Max Bupa has launched itself in nine cities including Delhi/NCR, Mumbai, Hyderabad, Chennai, Pune, Bengaluru, Jaipur, Surat and Ludhiana and plans to breakeven and achieve a market share of 5% in five years. It has a tie-up with Karvy Insurance Broking, which has 500 branches, to augment its third-party distribution.
Max Neeman has a confirmed order book of Rs370 million as of June. Its business development pipeline is around Rs760 million. It added five new clients in Q1FY11 taking its client base to 62. It currently has 92 studies being executed across 180 sites.
In Q1FY11 Max India's consolidated net loss narrowed to Rs230 million versus a loss of Rs750 million in Q1FY10. But total revenues fell by 19% y-o-y to Rs18.6 billion due to a 64% fall in investment revenues. Operating revenues did rise by 17% y-o-y.
The life insurance business maintained its profitability, recording a statutory profit of Rs190 million versus a loss of Rs790 million in Q1FY2010 - this despite a flat annual premium of Rs3.8 billion. Max Healthcare reported quarterly revenues of Rs1.6 billion, up 35% y-o-y. Max Speciality's revenues rose 16% y-o-y to Rs920 million.

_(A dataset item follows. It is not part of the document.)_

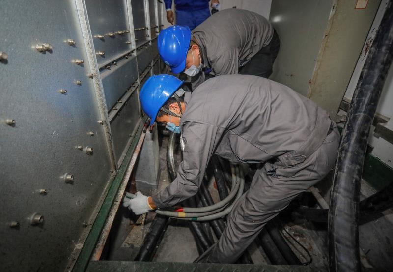 “門診明天6時(shí)開始工作,我們必須在凌晨4時(shí)前通電,保證門診部明天正常運(yùn)轉(zhuǎn)!” 工程負(fù)責(zé)人張軍現(xiàn)場號(hào)令。30日晚,20余名電力員工在李惠利醫(yī)院10千伏環(huán)網(wǎng)站周圍拉起安全施工防護(hù)欄和警界線,一場10千伏新電力用電設(shè)備投運(yùn)施工在星夜展開。老配電房電纜溝窄小,2名員工只能側(cè)著身把舊導(dǎo)線用力拉出來,再把新電纜放進(jìn)去。新配電箱安裝時(shí),供電員工只能跪著安裝碗口粗的銅電纜,施工難度非常大。而供電員工心理明白,這是一場與時(shí)間賽跑、為生命加速的工程。

Retail focused brokerage firm Sharekhan has a 'Buy' recommendation on the stock with a target price of Rs231 (current market price is Rs160). The stock is not very widely tracked.
(This article is based on secondary research. The report is for information only. None of the stock information, data and company information presented herein constitutes a recommendation or solicitation of any offer to buy or sell any securities. Investors must do their own research and due diligence before acting on any security. Some of the opinions expressed in this article are the author's own and may not necessarily represent those of Moneylife).